Best for: Enterprises that need AI strategy and MCP architecture guidance together, not just implementation
Specialization: AI agent strategy, LLM integration, enterprise AI transformation
Pricing: Not publicly listed; inquire for project-specific estimates
Clutch: Verify on Clutch before engaging
3. Simform
Simform is a 1,000+ engineer firm with deep cloud infrastructure credentials and a growing AI practice. They are best suited to engagements where MCP is one component inside a larger platform — alongside RAG pipelines, observability tooling, fine-tuned models, and deployment infrastructure. Their scale means they can staff a team quickly and keep a project moving without capacity bottlenecks.
Their cloud infrastructure experience on AWS and Azure directly applies to MCP server deployment: containerized MCP servers, managed authentication, scaling, and monitoring are all areas where Simform's backend engineering is strong. The limitation is that MCP-specific expertise has to be sought out within their pool rather than assumed — verify it before scoping.
Simform's delivery model is project-based and managed, which reduces coordination overhead for buyers who don't have the internal bandwidth to manage an outsourced engineering team directly. They're not the right call for a focused, standalone MCP server build with a tight timeline.
Notable work — Simform has delivered large-scale software platforms for enterprise clients across fintech, healthcare, and logistics. Their AI practice has expanded to include LLM integration, agent development, and cloud-native AI deployment. Specific MCP case studies are not publicly detailed — ask during the sales process.

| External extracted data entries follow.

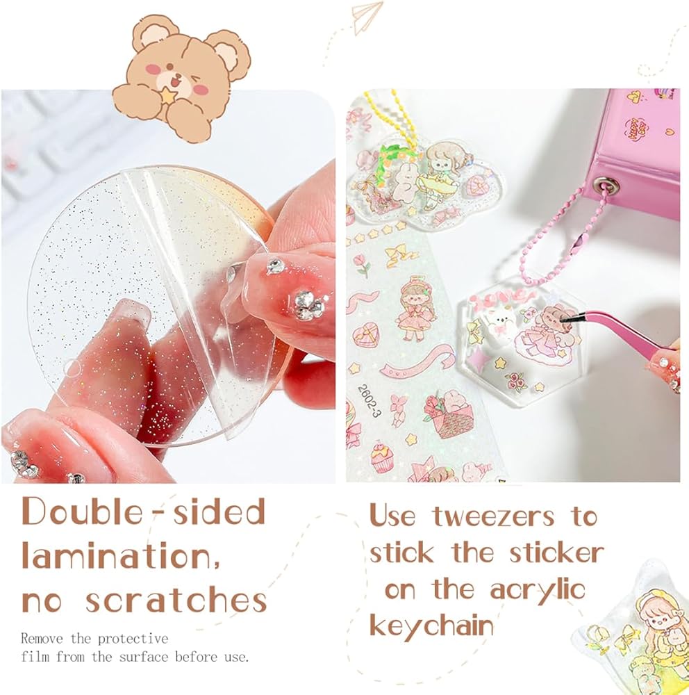 فراغات سلسلة مفاتيح شفافة من الأكريليك: مصنوعة من الأكريليك الشفاف عالي الجودة، وتتميز بقدرة ممتازة على تحمل الطقس ومقاومة للخدش، وجميع أقراص الأكريليك مغطاة بطبقة واقية على كلا الجانبين والتي يجب تقشيرها عندما تكون جاهزًا لاستخدام الفراغ.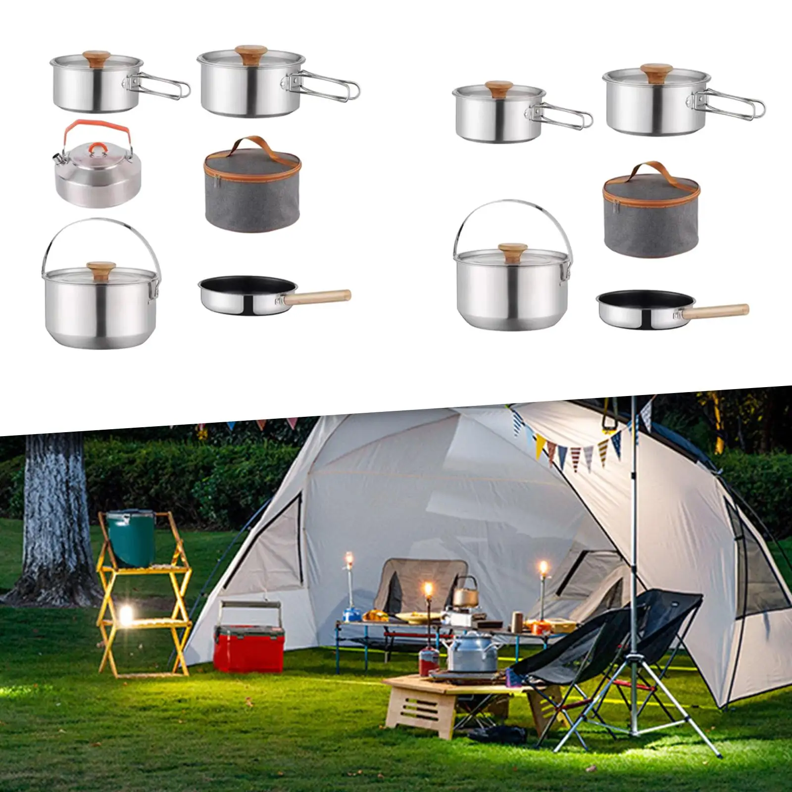inFOQUZXHere you can buy Camping Cookware Kit Frying Pan Lightweight Tableware Hanging Pot Cookset with free delivery to your post office.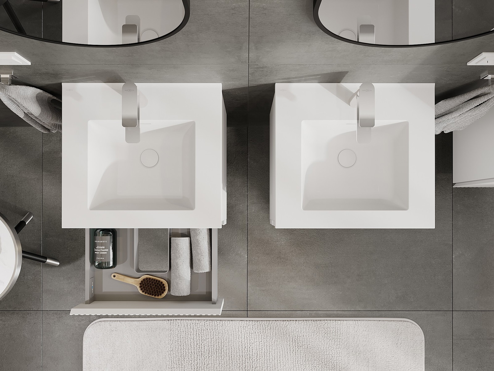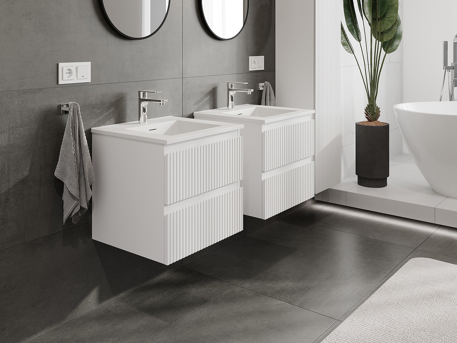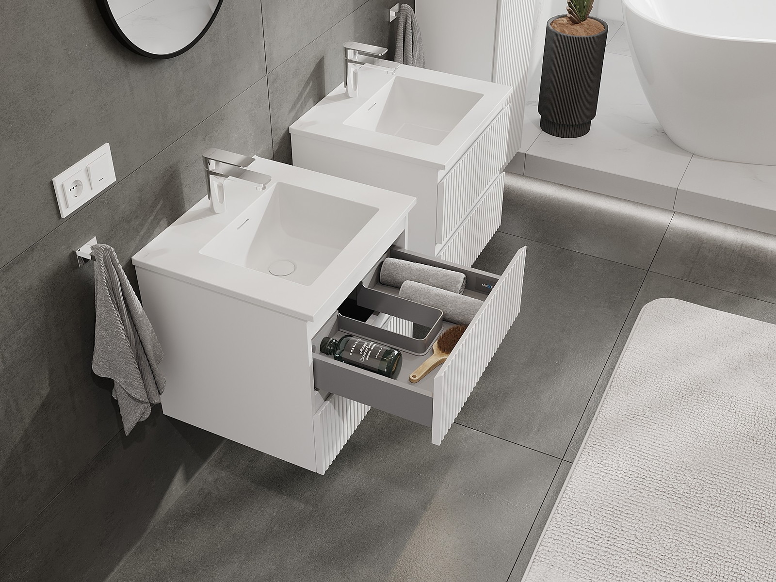 Mūsų moduliniai vonios baldai gali būti derinami tarpusavyje įvairiomis spalvų konfigūracijomis, leidžiant visiškai pritaikyti pagal asmeninius poreikius. Galima pasirinkti tiek atskirų elementų išvaizdą, tiek funkcijas, kas leidžia baldus pritaikyti pagal savo stiliaus ir naudojimo preferencijas.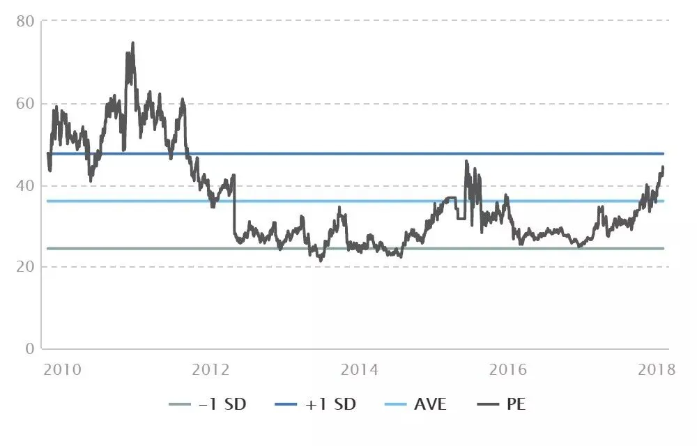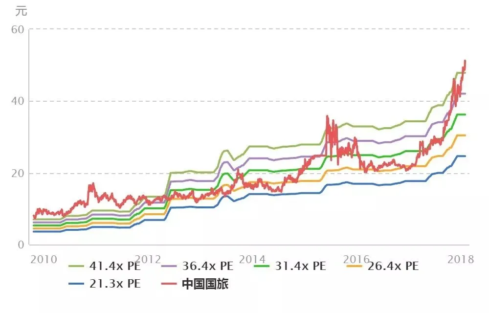 上图显示,目前中国国旅PE虽高于其上市以来的PE均值,但离历史极值仍相距甚远。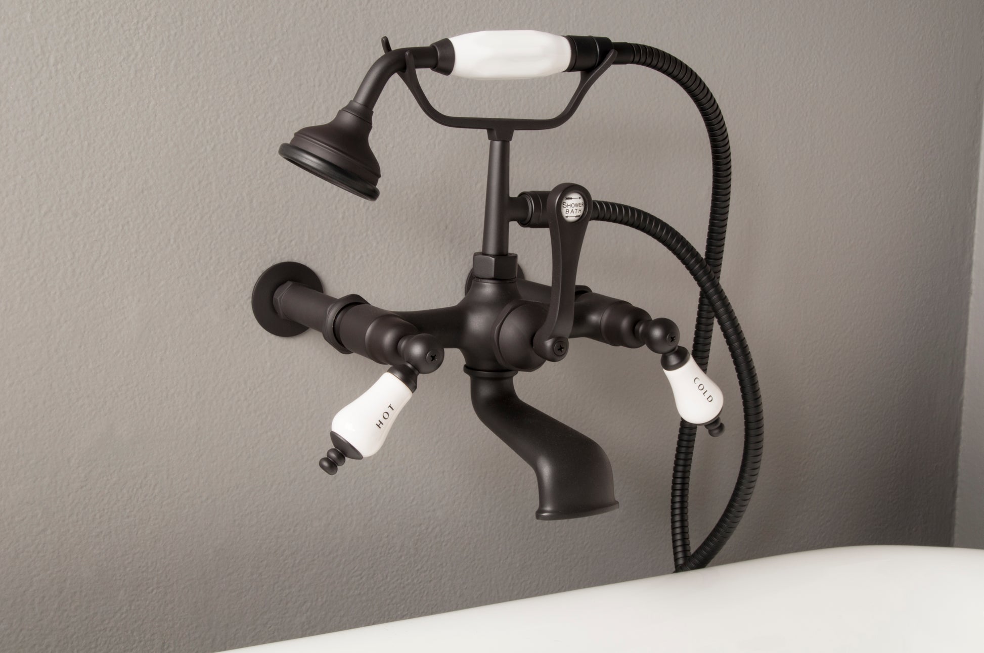 Strom Living British Telephone Tub Faucet with Handheld Shower, Inlet Cradle and Diverter Handle

Pricing signal — Simform's rates typically fall in the $25-$49/hr range for offshore delivery. Project minimums are not published, but mid-range platform engagements typically start at $30,000-$80,000. MCP server development as a standalone scope would be on the lower end.
What to watch — Simform's strength is platform delivery at scale. For a narrowly scoped MCP server build, their team size creates overhead that smaller studios avoid. If MCP is one deliverable among many, that overhead disappears. Also: verify AI and MCP experience at the engineer level, not just at the practice-area level.
Best for: Enterprise AI platform builds where MCP server development is one component of a larger system
Specialization: Cloud infrastructure, LLM integration, large-scale platform delivery
Pricing: $25–$49/hr
Clutch: 4.9/5 (20+ reviews) — verify current count on Clutch
4. Toptal
Toptal's network includes AI and ML engineers with LLM integration experience, and their vetting process is rigorous enough to surface engineers who have worked with tool-use architectures. For MCP projects that require architectural judgment — deciding which tools to expose, how to structure tool schemas for reliability, when to stream versus batch — a senior Toptal engineer can bring that experience without the overhead of a full delivery team.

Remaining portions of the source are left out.